Kattia: Ja, I absolutely don’t feel trapped anymore, I’m halfway there and I’m happy.
Rian: I think you know, parts of this journey must have been very difficult and actually going on to the hormone replacements, I think there’s a period there where your body starts adjusting that is absolute agony that you must go through?
Kattia: Yes Rian, actually from patient to patient it varies. For me in this case I started seeing changes after three months. There’s a lot of pain with breast growth, you can see you facial features changing slightly, like the cheek bones would pop up, your facial hair will minimise, your body hair will thin out and eventually stop growing. You start getting more emotional, I cry a lot Rian. You have a whole lot of mood swings like a normal genetic woman.
Person in background: And men too.
Rian: I’ve lost my train of thought completely here.
Rian: You know it’s like I’ve just always had a different concept about things and I always kind of look at, to me it doesn’t matter about the physical, it’s about what’s inside and that means whether you’re male or female, and when you said just like a normal woman, I was just like, I don’t see that, perhaps I’m weird, I’ve got a different way of looking at things.
Kattia: No, you’re not weird, you’re not weird at all.
Person in Background: Just curious.
Kattia: But you actually do feel your true emotions because now those hormones are helping you. Everything that has been kept inside is now coming out, you’re flourishing to become a beautiful woman, the real you is finally appearing.
RIan: What would you suggest, if you could give any advice to anybody who is on a similar journey, what would you tell them?
Kattia: If there’s any other people out there that has started on hormone therapy or that’s about to start on hormone therapy, don’t give up. If you feel like you’re emotional or something speak to someone and love yourself and remember that you are beautiful, no matter what anyone else says.
Rian: I think also what I would like to add here is that you have a support group on Facebook happening?
Kattia: Yes, I do have one where we interact with other trans women from all over South Africa.
Rian: Tell me a little bit about this support group.
Kattia: In our support group we have a group of transgender people that will throw out questions and anybody can answer those questions. For example if you are about to start on hormone therapy, you will mention the names of the tablets and they will tell you whether it’s the correct treatment you’re going on, who’s the doctor seeing you, so they basically enlightening and advising you on things you need to know.

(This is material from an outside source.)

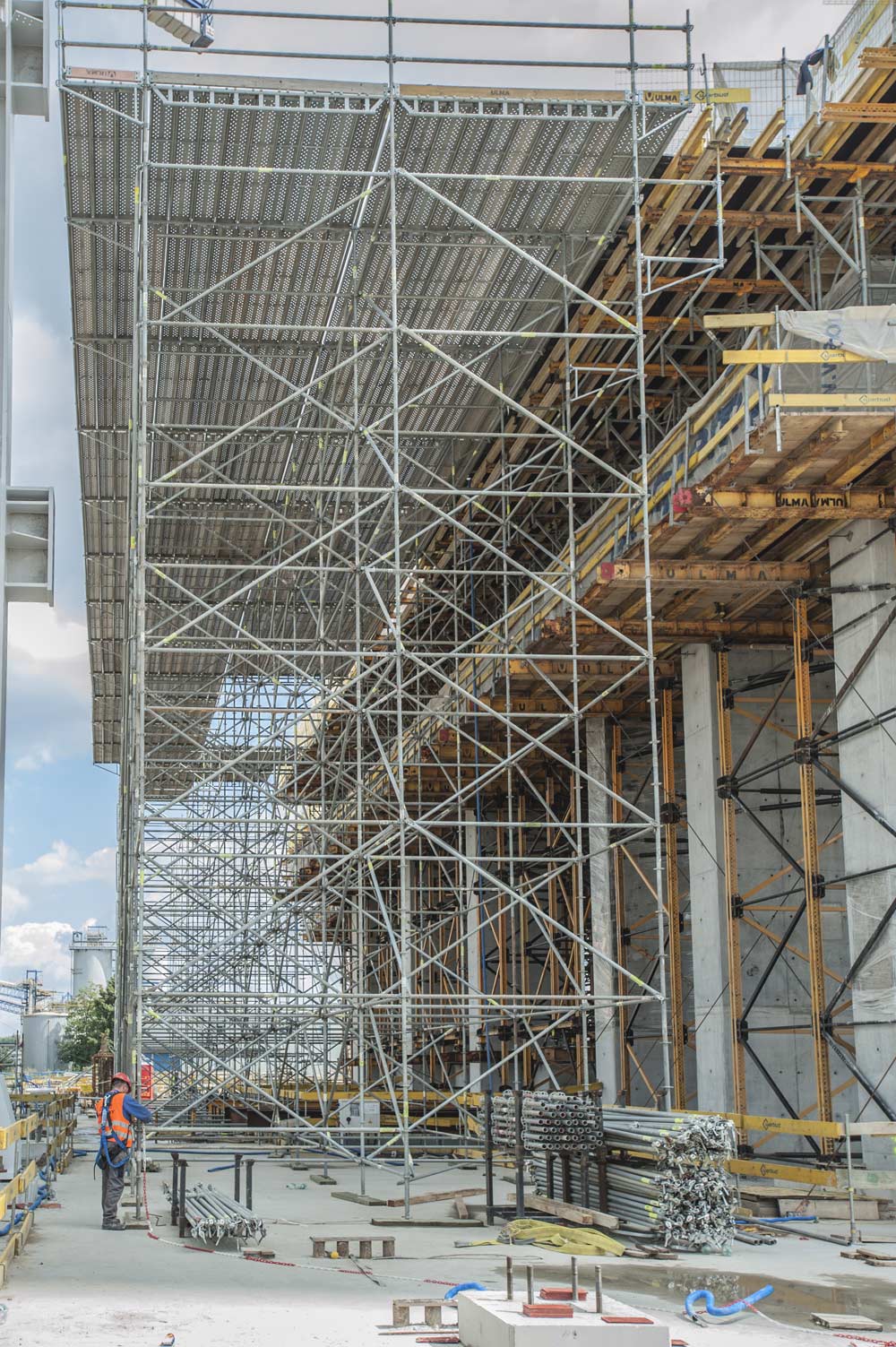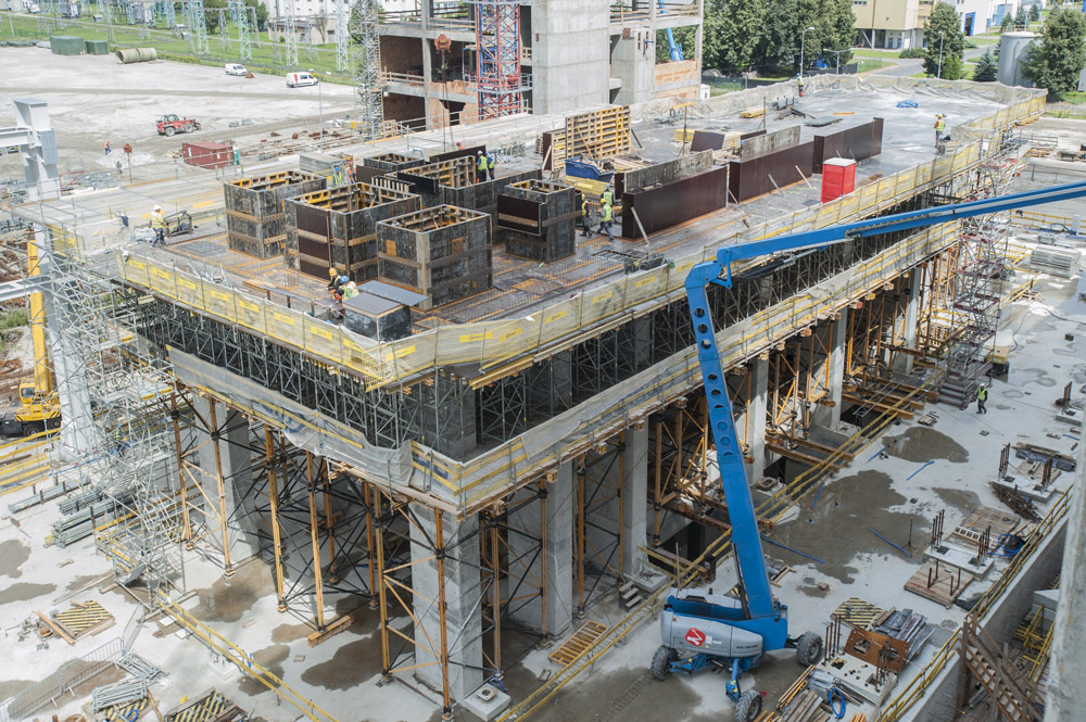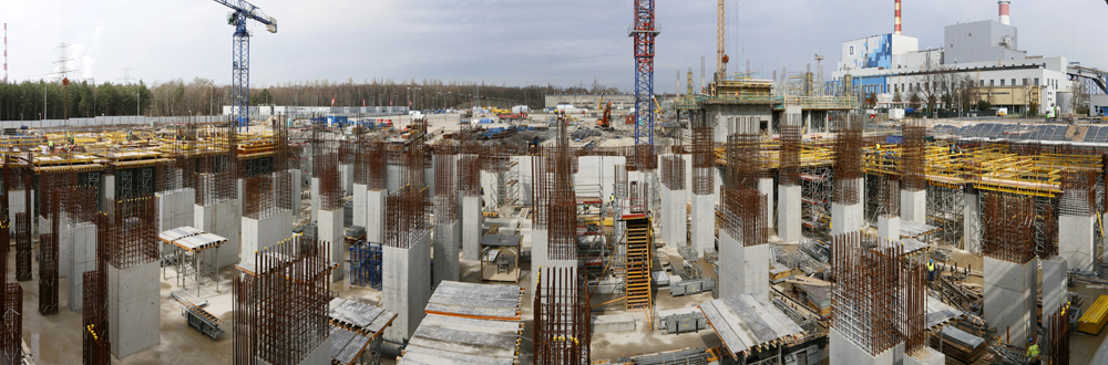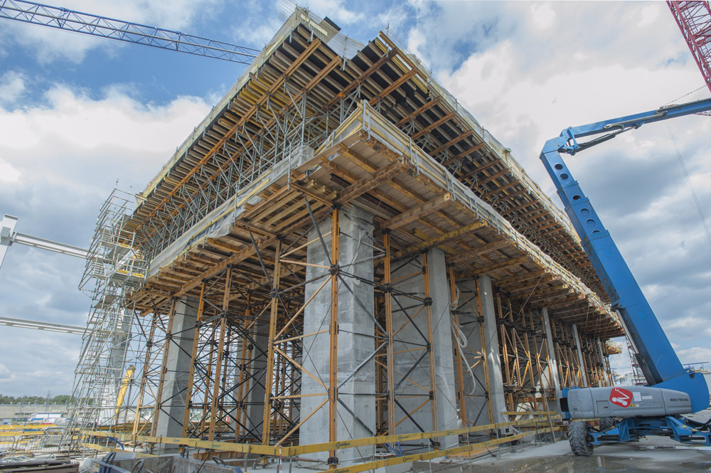 Die Wände, Pfeiler und Decken sind sehr dick und hoch, sodass sie Systeme mit hoher Tragfähigkeit erfordern. Im Maschinenraum, einem der aufwendigsten Bauwerke des Kraftwerks, wurde eine zweigeschossige Konstruktion aus MK- und T-60- Traggerüst zur Herstellung von 2,38 und 3,90 m dicken Decken eingesetzt.

Rian: What is the group called?
Kattia: It is called Transgender Support (Only) Durban.
Rian: So anybody listening to this show who is going through anything like this can join there and they can, you’ll be able to help them?
Kattia: Yes, they can send us a request, they will have to answer the questions that is given to them there and if they’re successful we will approve their request.
Rian: So just another question about that, if you are a transgender ally can you also join the group?
Kattia: Yes, allies are welcome, we love our allies.
Rian: Great. Kattia, anything else that you’d like to add that I might have missed?
Kattia: No, that’s all Rian, thank you.
Rian: GaySA Radio, where you are family. I’m Rian and that was Kattia Williams talking to us about her trans journey.